As the year comes to a close and the holiday season fills us with gratitude, we can't forget to think about giving back. Charitable donations not only benefit the causes you care about but can also help you maximize your tax benefits when done strategically.
Here’s how to make the most of your generosity this year.
How Charitable Donations Can Reduce Your Taxes
If you itemize deductions on your federal tax return, your contributions to qualified charities may be tax-deductible. This could increase the impact of your gift by allowing you to save on taxes.
For instance, if you donate $1,000 and fall into the 24% tax bracket, your actual out-of-pocket cost could be reduced to $760 thanks to the $240 in taxes you save. The higher your tax bracket, the greater the potential savings, making charitable giving an even more impactful way to align your values with your financial plan.

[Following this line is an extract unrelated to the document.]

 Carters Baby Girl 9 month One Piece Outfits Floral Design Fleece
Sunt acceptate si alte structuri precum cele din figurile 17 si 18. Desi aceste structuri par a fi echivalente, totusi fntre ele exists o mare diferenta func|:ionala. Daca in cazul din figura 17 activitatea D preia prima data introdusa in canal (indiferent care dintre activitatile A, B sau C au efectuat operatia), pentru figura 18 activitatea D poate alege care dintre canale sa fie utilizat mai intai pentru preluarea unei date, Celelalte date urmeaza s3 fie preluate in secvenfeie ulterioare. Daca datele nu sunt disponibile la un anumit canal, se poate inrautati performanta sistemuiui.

Key Rules for Claiming Charitable Tax Deductions
- Stay Within Deduction Limits:
The IRS limits charitable deductions to a percentage of your adjusted gross income (AGI). Take, for example, cash donations to public charities. These are deductible up to 60% of your AGI. If your donation goes over the limit, you can often carry it forward for up to five years. - Maintain Proper Documentation:
To claim your deduction, keep detailed records of your donations. For monetary contributions, you’ll need a bank record or a receipt from the charity showing the amount, date, and organization name. For donations of $250 or more, a written acknowledgment from the charity is required. Noncash contributions, such as property or stock, have additional documentation rules. - Choose Recognized Charities:
Avoid scams by verifying organizations through the IRS Tax Exempt Organization Search tool. Stick to reputable charities, and always donate via check or credit card rather than cash.

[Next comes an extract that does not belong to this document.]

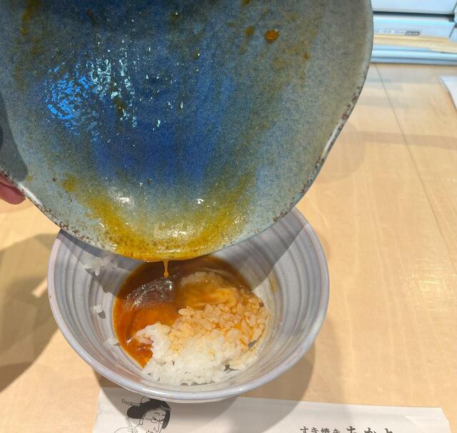 余った卵を、肉の旨味が染み出た汁と一緒にご飯にかければ、まさに極上の一膳の完成です。最後の一口まで最高の味わいが楽しめるというわけです。

Timing Your Donations for Maximum Benefit
When planning year-end donations, consider how the timing affects your taxes. Here are a few strategies to optimize your giving:
- Align with Your Tax Bracket:
If you expect to move into a higher tax bracket next year, delaying your donation until January may provide a greater tax benefit. Conversely, if you’re in a higher bracket now, making your donation before December 31 allows you to take advantage of this year’s rate. - Combine Deductions:
If your itemized deductions are close to the standard deduction amount, consider bunching donations and other deductible expenses into a single year to maximize your tax savings. - Coordinate with Income Timing:
If AGI limits restrict your deduction in a given year, shifting income or expenses across tax years can help you optimize your charitable giving. A tax professional can provide personalized advice based on your financial situation.
Making a Bigger Impact With Smart Giving
Beyond cash donations, consider giving appreciated assets like stocks or mutual funds. These types of gifts may allow you to avoid capital gains taxes while still claiming a charitable deduction for the asset’s full market value. Donor-advised funds can also streamline your giving and help you make a lasting impact.
Giving Safely and Securely
Unfortunately, not all “charities” are legitimate. Scammers often impersonate well-known organizations during the holiday season. Protect yourself by thoroughly researching any charity before donating, and never provide financial information in response to unsolicited requests.
Start Your Year-End Giving Plan Today
Charitable giving is a wonderful way to make a difference while potentially lowering your tax bill. As you approach the end of the year, take time to review your financial plan and explore how strategic donations can align with your values and goals.